Numa fase complicada de gerir a vários níveis, o All England Club teve um gesto bonito para com os jogadores e árbitros que tinham participação assegurada em Wimbledon.

Em comunicado, a entidade anunciou a distribuição de um total de 11 milhões de euros por um total de 620 jogadores que tinham assegurada a entrada direta nas suas provas.

AUSTRALIAN OPEN

Sendo o único Grand Slam que, para já, não teve a sua realização comprometida pelas condicionantes associadas à pandemia do novo coronavírus, o Australian Open, previsto para o mês de janeiro de 2021, ainda não está cercado de certezas.

O governo australiano tem assumido medidas rígidas no combate à propagação da pandemia e, para já, as principais companhias aéreas do país estão impossibilitadas de operar até março de 2021, sem estar descurada a possibilidade da restrição ser alargada até o mês de julho.

Quer isto dizer que, caso o governo não abra exceções para os eventos de alta competição, tanto a ATP Cup como o Australian Open têm as suas realizações ameaçadas. O objetivo da organização do ‘major’ é, para já, absorver os modelos de organização impostos pelo US Open e Roland Garros, tendo em vista a elaboração de protocolos e ações de segurança.

COVID-19 OBRIGA A ALTERAÇÕES NOS RANKINGS

Tal como tem acontecido um pouco por todo o planeta, nos mais variados setores de atividade, o desporto não foge à regra de ter de assumir algumas readaptações a uma realidade distinta, em virtude do combate à pandemia do novo coronavírus.

Foi neste sentido que o ATP Tour deu a conhecer, ainda durante a primeira semana de julho, o modelo de reformulação estratégica para a composição do ranking mundial, próximo que está o regresso do circuito profissional.

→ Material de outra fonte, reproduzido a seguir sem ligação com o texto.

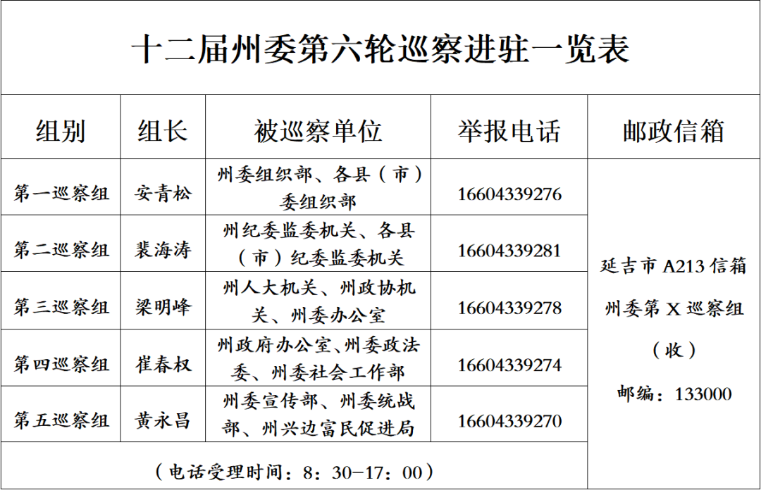 巡察期间,各州委巡察组设立专门举报电话和邮政信箱,主要受理反映被巡察单位领导班子及其成员、下一级党组织主要负责人和重点岗位人员问题的来电、来信、来访,重点是关于违反政治纪律、组织纪律、廉洁纪律、群众纪律、工作纪律、生活纪律等方面的举报和反映。受理信访时间截止到2026年5月8日。
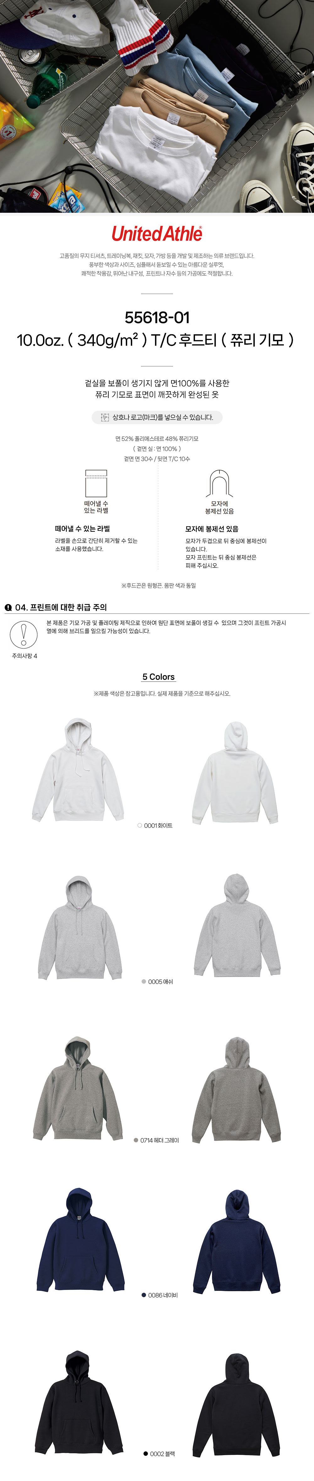 T/C 후드티(쮸리 기모)55618-01 10.0oz.(340g/m²) 유나이티드 애슬 United Athle
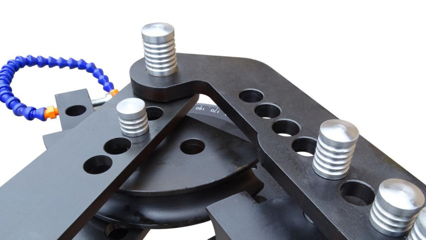 Пристрій також обладнаний колесами, що робить його мобільним та дозволяє легко переміщати верстат у потрібне місце. Для точного контролю кута вигину до 240° використовується шкала з індикатором.
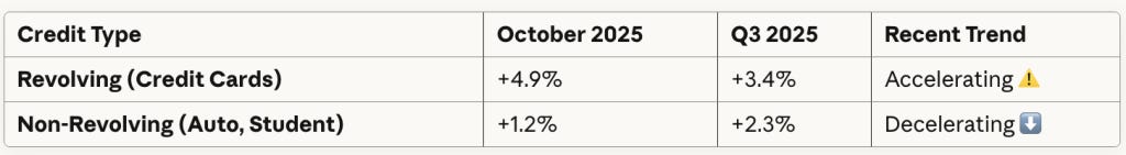 Total Consumer Credit Growth: 2.2% annualized (October 2025)
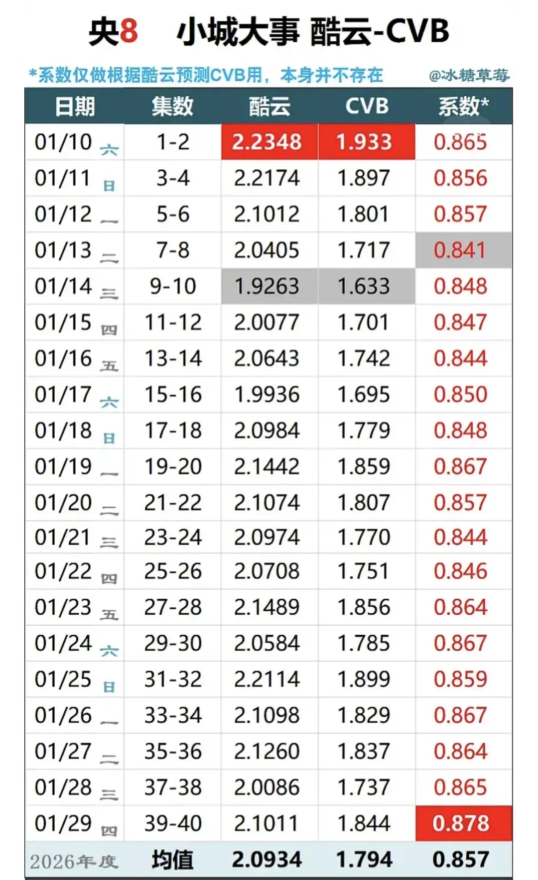 央8开年大剧小城大事CVB仅有1.7,现在丽粉吹的年冠是因为目前只播了一部剧,但

Ora, entre as alterações anunciadas, destaca-se que as classificações mundiais vão passar a contabilizar a prestação de 22 meses, entre março de 2019 e dezembro de 2020, de forma a oferecer proteção aos tenistas que estejam em período de inatividade e que não queiram voltar a jogar no ano corrente, devido à realidade pandémica.

ATP Ranking

Além de nenhum tenista perder pontos até ao final de 2020, a contabilização dos rankings vai integrar os 18 melhores resultados dos jogadores durante os referidos 22 meses, ainda que cada torneio só possa ser utilizado uma vez.

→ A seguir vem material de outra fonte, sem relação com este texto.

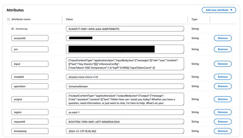 Amazon Bedrock logs are pretty robust. Each log shows the full turn by turn conversation that was sent as input to the model. It then shows the output from that invoke, as well as the number of tokens consumed for the request. With a chat scenario, these logs grow bigger and bigger over time, and they contain everything you need to reconstruct a chat later. In fact, you only need the most recent log, as it has the full conversation within the input context. So, the UUID is really a way for me to easily filter out all the old logs for the same conversation. It's a quick code update to the CLI client.
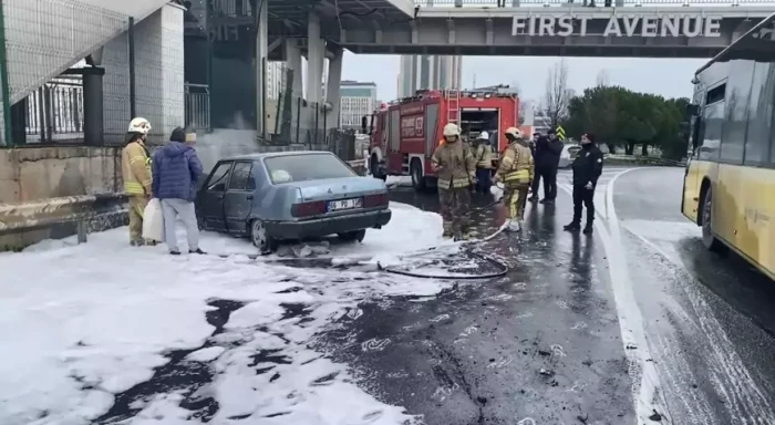 Sürücü, otomobili yolun kenarında durdururken, alevler aracı sardı.
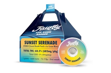 Hybrid (Sunset Biscotti Punch x Ice Cream Mints)Jaunty’s Cold Cure Badder is a 100% solventless extract made from freshly harvested, flash-frozen cannabis flower. Using only ice and water, we create single-sourced ice water hash, screened at 73-119 microns. Our live rosin is then slow-cured at 65°-70°, resulting in a smooth, buttery consistency that preserves the full spectrum of terpenes, cannabinoids, and flavonoids. Tasting Notes: candy, sweet, fruity Primary Terpenes: Carophyllene, Limonene, Myrcene
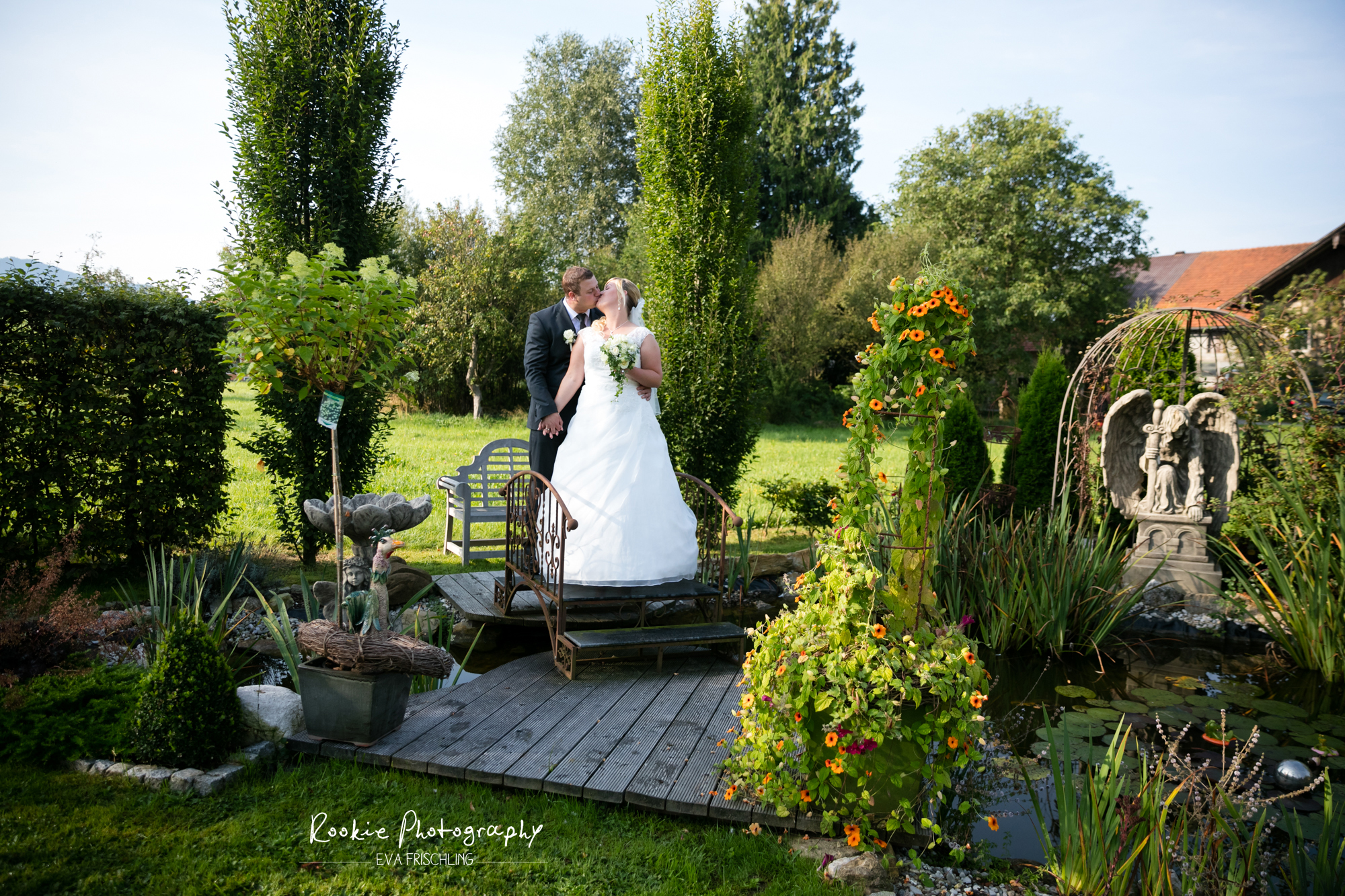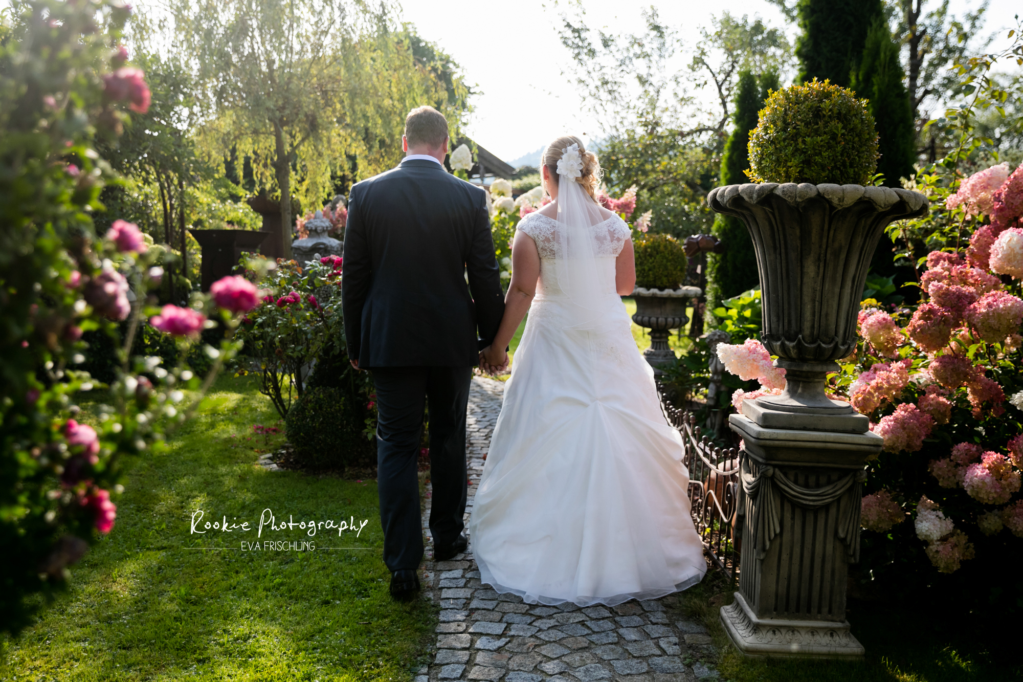 Für die Paarfotos waren wir in Neumarkt in Schalkham in einem tollen Schaugarten, und die kirchliche Trauung fand danach in Oberhofen am Irrsee statt.

Estas medidas beneficiam diretamente alguns dos maiores nomes do ténis mundial, a saber Rafael Nadal, Novak Djokovic, Roger Federer e Dominic Thiem. Tudo porque ninguém vai perder pontos até ao final do ano, o que significa que os vencedores dos maiores torneios não terão de defender os respetivos títulos, uma vez que poderão utilizar os pontos ganhos nas edições de 2019.

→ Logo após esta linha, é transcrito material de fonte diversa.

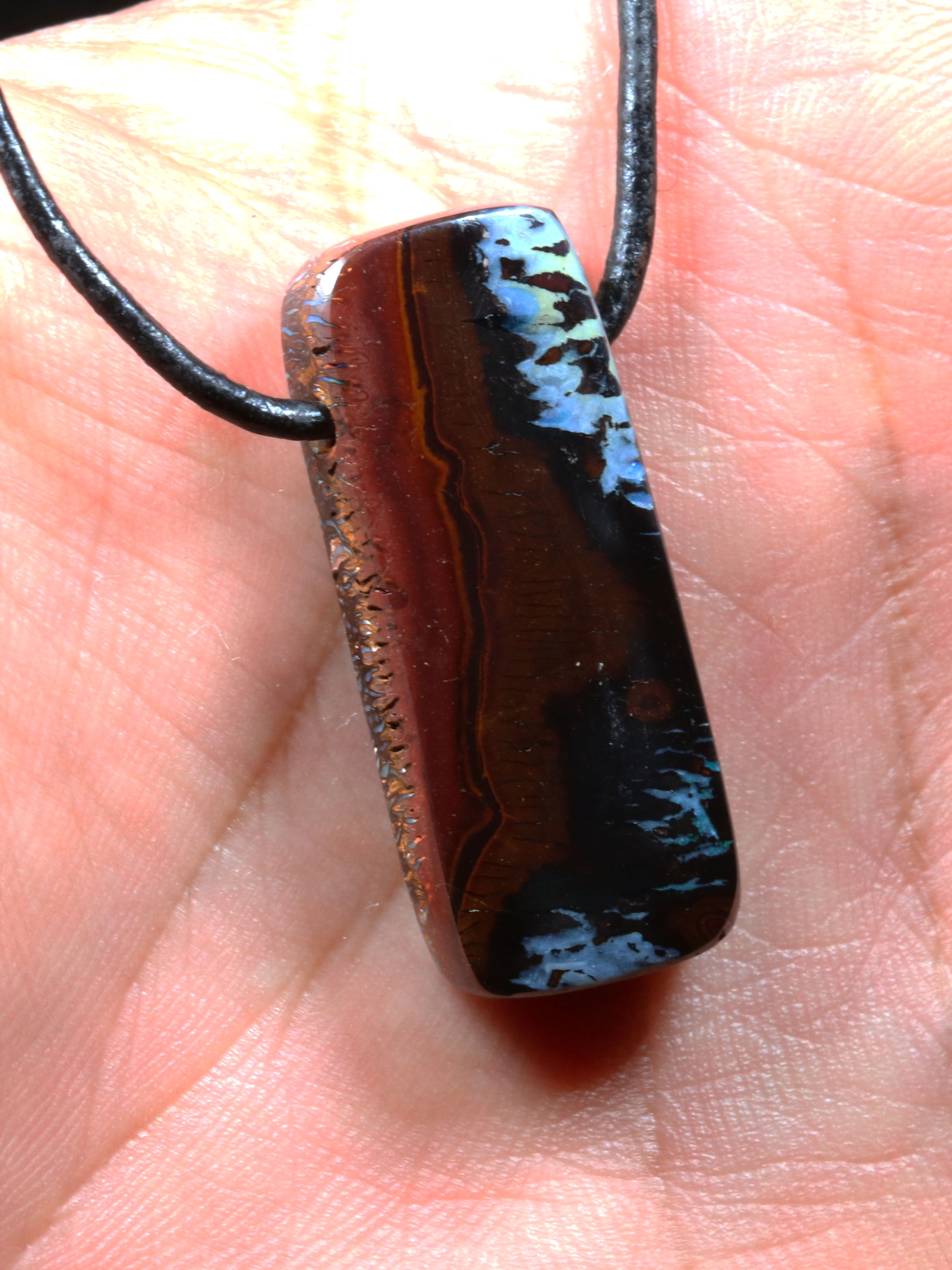 Boulder Opal Anhänger aus Australien. Gebohrt inklusive Lederband.
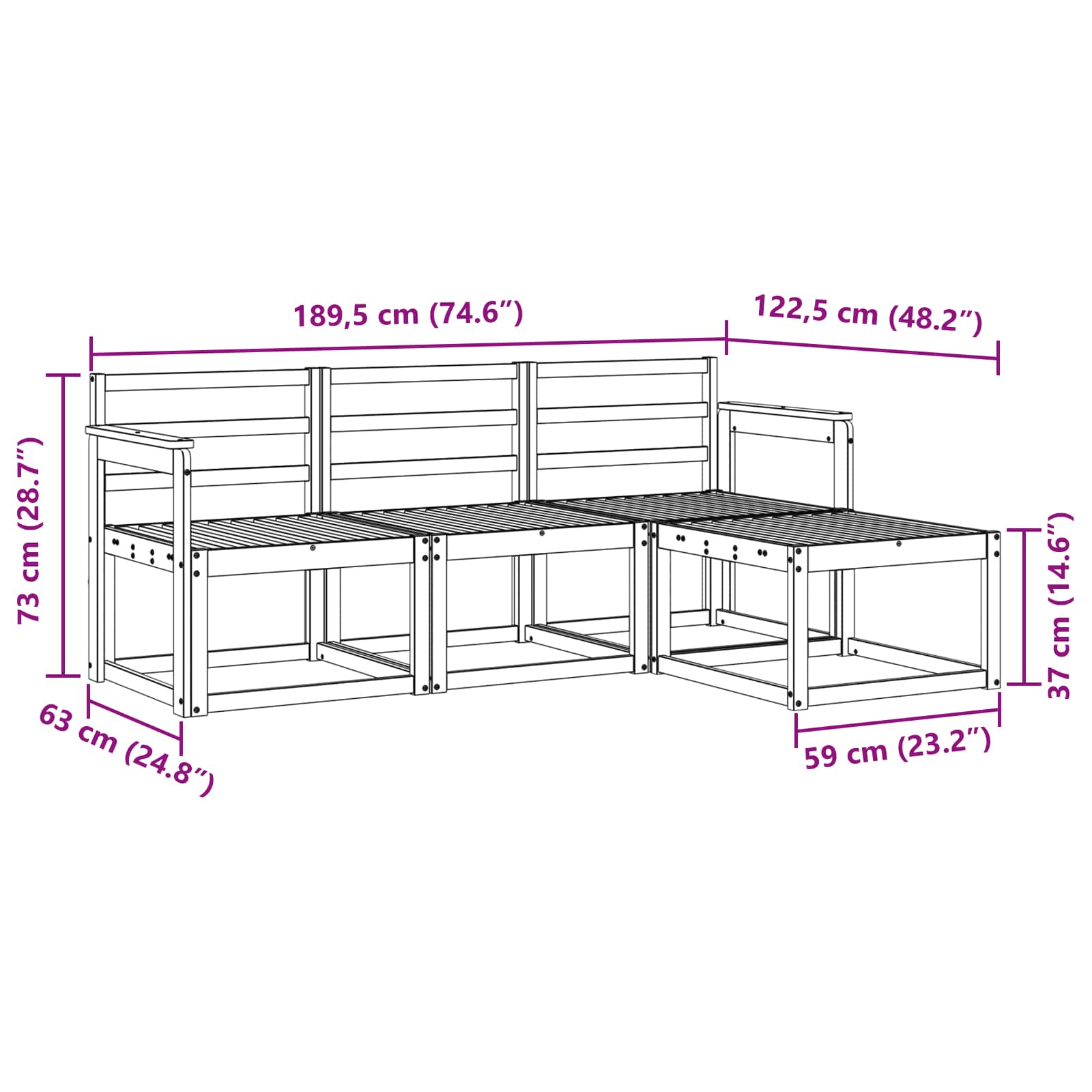 - 2 x Naslonjalo: 59 x 6 x 61 cm (D x Š x V)
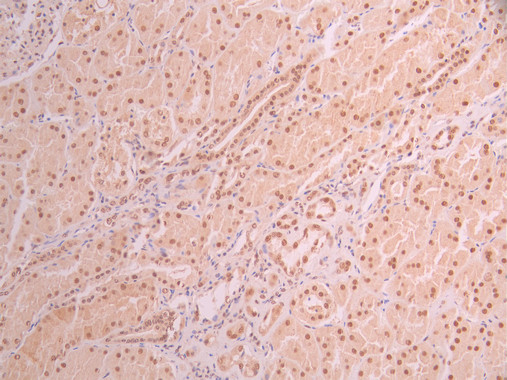 IHC image of CSB-RA066000A0HU diluted at 1:100 and staining in paraffin-embedded human kidney tissue performed on a Leica BondTM system. After dewaxing and hydration, antigen retrieval was mediated by high pressure in a citrate buffer (pH 6.0). Section was blocked with 10% normal goat serum 30min at RT. Then primary antibody (1% BSA) was incubated at 4°C overnight. The primary is detected by a Goat anti-rabbit polymer IgG labeled by HRP and visualized using 0.05% DAB.

Assim, é provável que as provas de Grand Slam e os Masters 1000 percam algum do caráter mediático no calendário anual, devido às
desistências esperadas. Com a possibilidade de manter os pontos obtidos nos torneios no ano passado, os tenistas terão a oportunidade de fazer uma gestão mais pessoal e ponderada do seu calendário.